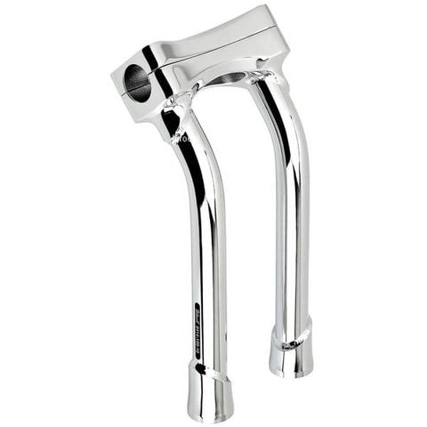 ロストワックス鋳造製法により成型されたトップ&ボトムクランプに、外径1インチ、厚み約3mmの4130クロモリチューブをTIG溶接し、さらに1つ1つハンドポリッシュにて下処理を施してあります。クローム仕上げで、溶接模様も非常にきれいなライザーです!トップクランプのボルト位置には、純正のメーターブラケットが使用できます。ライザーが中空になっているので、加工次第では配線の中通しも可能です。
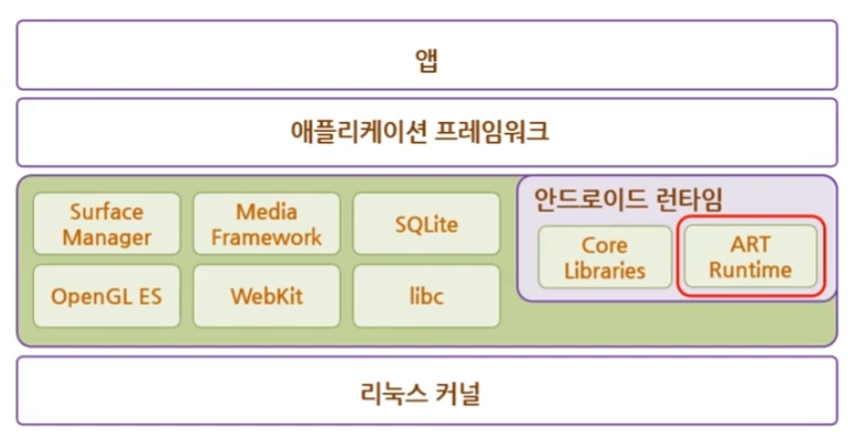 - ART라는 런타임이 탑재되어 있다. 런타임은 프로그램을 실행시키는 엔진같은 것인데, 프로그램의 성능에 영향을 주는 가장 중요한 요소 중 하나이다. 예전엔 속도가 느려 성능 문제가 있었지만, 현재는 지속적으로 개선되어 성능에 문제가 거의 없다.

···

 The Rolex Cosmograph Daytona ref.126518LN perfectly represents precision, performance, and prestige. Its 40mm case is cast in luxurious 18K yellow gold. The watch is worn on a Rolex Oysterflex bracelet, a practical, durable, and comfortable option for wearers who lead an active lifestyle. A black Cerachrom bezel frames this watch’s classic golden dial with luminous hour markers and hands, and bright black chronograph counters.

···

■ Exercise aim:
Pictures are to be left out. Write out only the lines above starting at the one with "ロストワックス鋳造製法により" and ending at the one with "- ART라는 런타임이", both lines included, exactly.

■ Exercise output:
 ロストワックス鋳造製法により成型されたトップ&ボトムクランプに、外径1インチ、厚み約3mmの4130クロモリチューブをTIG溶接し、さらに1つ1つハンドポリッシュにて下処理を施してあります。クローム仕上げで、溶接模様も非常にきれいなライザーです!トップクランプのボルト位置には、純正のメーターブラケットが使用できます。ライザーが中空になっているので、加工次第では配線の中通しも可能です。
 - ART라는 런타임이 탑재되어 있다. 런타임은 프로그램을 실행시키는 엔진같은 것인데, 프로그램의 성능에 영향을 주는 가장 중요한 요소 중 하나이다. 예전엔 속도가 느려 성능 문제가 있었지만, 현재는 지속적으로 개선되어 성능에 문제가 거의 없다.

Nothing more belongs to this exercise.